2008年02月04日

ゆき

日が落ち、雪がそぼ降る暗い道を、傘を差しててくてく歩いてました。
日曜日のことです。

「暗くて寒い」というのは、人を心細くさせるものです。
なおかつ外。夜。ゆるやかに、しかし降り続ける雪。
どこまでこの暗さは続くのか。この寒さの底はどこなのか。
夜の中、濡れて光る地面。見渡す街は静寂に包まれ、細い灯りにも人の営みを感じさせない。
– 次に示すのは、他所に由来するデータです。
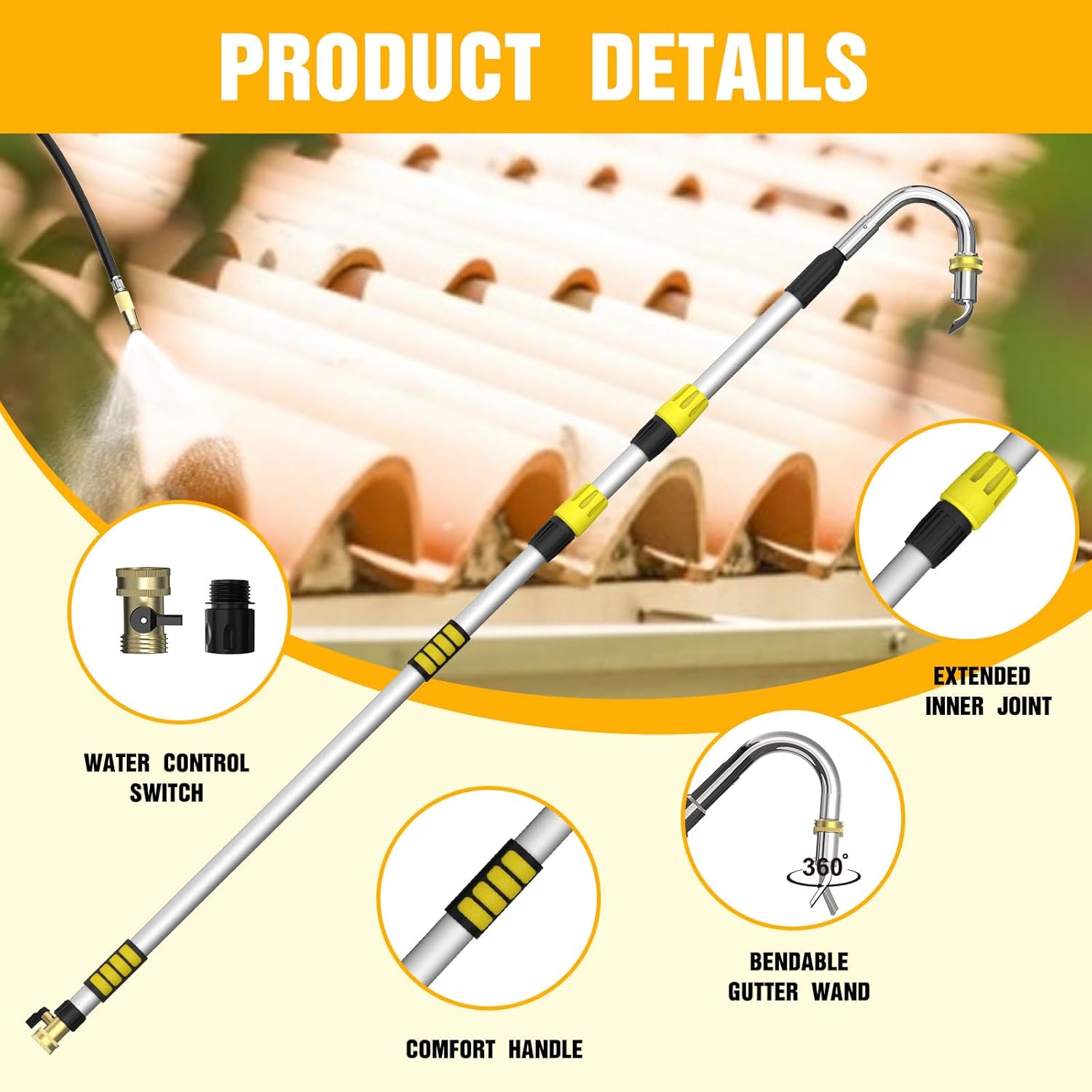 The 7FT Gutter Cleaning Tool with Bendable Wand & Quick-Connect Adapter makes it safer and easier to flush gutters from the ground. Itâs lightweight, works with standard hoses, and offers adjustable spray patterns with a shut-off valve. Overall, a handy maintenance tool that reduces ladder use.

こういうとき、20歳頃に地元の友達と夜中に小雨の中てけてけ歩いたときのことを思い出します。
ふつうに地元の見慣れた(というほどなじみもないけど)場所なのに、暗くて雨が降ってるだけでこんなにも印象が違う。
ちょっとした丘に出て、急に視界が開けて、静まり返った街並を見下ろした瞬間、「怖い」と思いました。

子供の頃に誰もいない部屋で独りで寝る怖さとはまたちょっと違う。
人間は所詮自然の前には無力であるとか、そんなことを突きつけられたような。

でもそんな夜にあてもなく散歩するのがけっこうすきです。

ところでずっと履きっぱのスニーカーがなつかしの上履きみたいな臭いをかもし出しました。これはいけません。